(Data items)
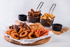 1000 г • Специальное лакомство для ценителей пива: куриные наггетсы, луковые кольца, колбаски гриль, куриные крылья, гренки, картофельные дольки. Подается с соусом барбекю и горчицей
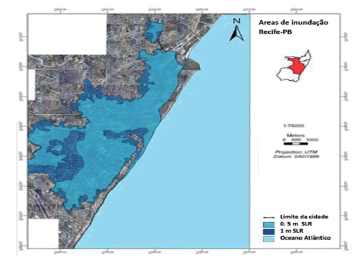 La capital de Pernambuco, Recife, es el tercer destino más demandado en el nordeste brasileño (Brasil, 2019). También fue considerada la más vulnerable de la región en los estudios publicados en el informe del PBMC (2017), principalmente debido a las inundaciones causadas por el mar o las precipitaciones severas. Con 4m por encima del nivel del mar, un aumento de 50cm en el nivel medio (escenario optimista) se puede inundar al menos 25,38km2 de Recife. Si se eleva 1m, el área inundada aumentaría a 33,71km2, lo que la coloca en la 16ª posición como la ciudad más vulnerable del mundo al cambio climático (PBMC, 2017). Buena parte del tradicional barrio turístico de Boa Viagem y Pina se inundarían (Figura 7) y cerca del 81,8% de las construcciones urbanas que están a menos de 30m de la línea de la costa pernambucana y en terrenos por debajo de 5m, serían alcanzadas por el mar (PBMC, 2017).
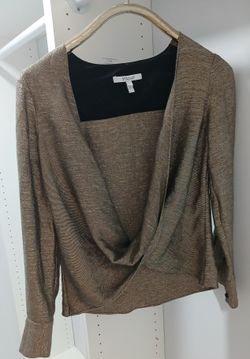 Designer Long Sleeve Drapped Front Women's Blouse With Button Sleeve Glitter Bronze/Gold Size US 0/XXS$25Jupiter, FL
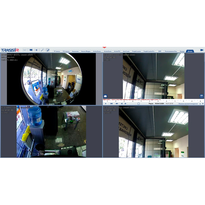 Trassir Dewarp – профессиональное ПО TRASSIR для программного разворачивания изображения Fish-Eye видеокамеры на несколько виртуальных каналов, количество которых задает пользователь. Поддерживает развертку Fish-Eye камер в архиве и работу на любых камерах при значительно сниженном потреблении ресурсов. При раскладке устраняется дисторсия. Функционал позволяет осуществлять PTZ-управление отдельно каждым виртуальным каналом.
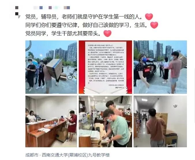 每一位同学都是学院的“掌中宝”、“心头肉”,了解清楚学生的具体情况、特殊情况,便于老师做好管理与服务。校内、校外,成都、外地,有无特殊情况……学院2646名学生的各项情况学院老师均摸排掌握清楚,对于某些有特殊情况的同学,如生病的学生,及时与学校沟通联系,辅导员陪同处理,在防疫政策的许可条件下,积极帮助学生处理相关问题,无论如何,辅导员老师均陪伴在同学们的身边。辅导员互相交流分享好用的小程序,用于进行信息的收集、整理等工作。辅导员们各类有趣的、温暖的、严格的花式提醒、通知、要求、政策解释,给同学们在严格的防疫过程中带来一丝温暖与欢乐,师生距离更加贴近了。
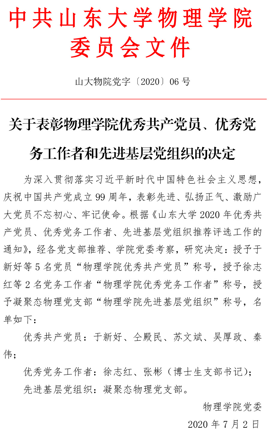 关于表彰物理学院优秀共产党员、优秀党务工作者和先进基层党组织的决定
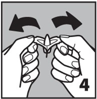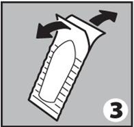 3. Чтобы раскрыть контурную ячейку, со стороны острого конца суппозитория, разъедините конец контурной ячейки и потяните в разные стороны, как показано на рисунке (3).

| Exercise description |
Using the records above, repeat exactly the run of lines that starts with the line with "Designer Long Sleeve" and goes on through the line with "关于表彰物理学院优秀共产党员、优秀党务工作者和先进基层党组织的决定"; omit each picture.

| Response to this exercise |
 Designer Long Sleeve Drapped Front Women's Blouse With Button Sleeve Glitter Bronze/Gold Size US 0/XXS$25Jupiter, FL
 Trassir Dewarp – профессиональное ПО TRASSIR для программного разворачивания изображения Fish-Eye видеокамеры на несколько виртуальных каналов, количество которых задает пользователь. Поддерживает развертку Fish-Eye камер в архиве и работу на любых камерах при значительно сниженном потреблении ресурсов. При раскладке устраняется дисторсия. Функционал позволяет осуществлять PTZ-управление отдельно каждым виртуальным каналом.
 每一位同学都是学院的“掌中宝”、“心头肉”,了解清楚学生的具体情况、特殊情况,便于老师做好管理与服务。校内、校外,成都、外地,有无特殊情况……学院2646名学生的各项情况学院老师均摸排掌握清楚,对于某些有特殊情况的同学,如生病的学生,及时与学校沟通联系,辅导员陪同处理,在防疫政策的许可条件下,积极帮助学生处理相关问题,无论如何,辅导员老师均陪伴在同学们的身边。辅导员互相交流分享好用的小程序,用于进行信息的收集、整理等工作。辅导员们各类有趣的、温暖的、严格的花式提醒、通知、要求、政策解释,给同学们在严格的防疫过程中带来一丝温暖与欢乐,师生距离更加贴近了。
 关于表彰物理学院优秀共产党员、优秀党务工作者和先进基层党组织的决定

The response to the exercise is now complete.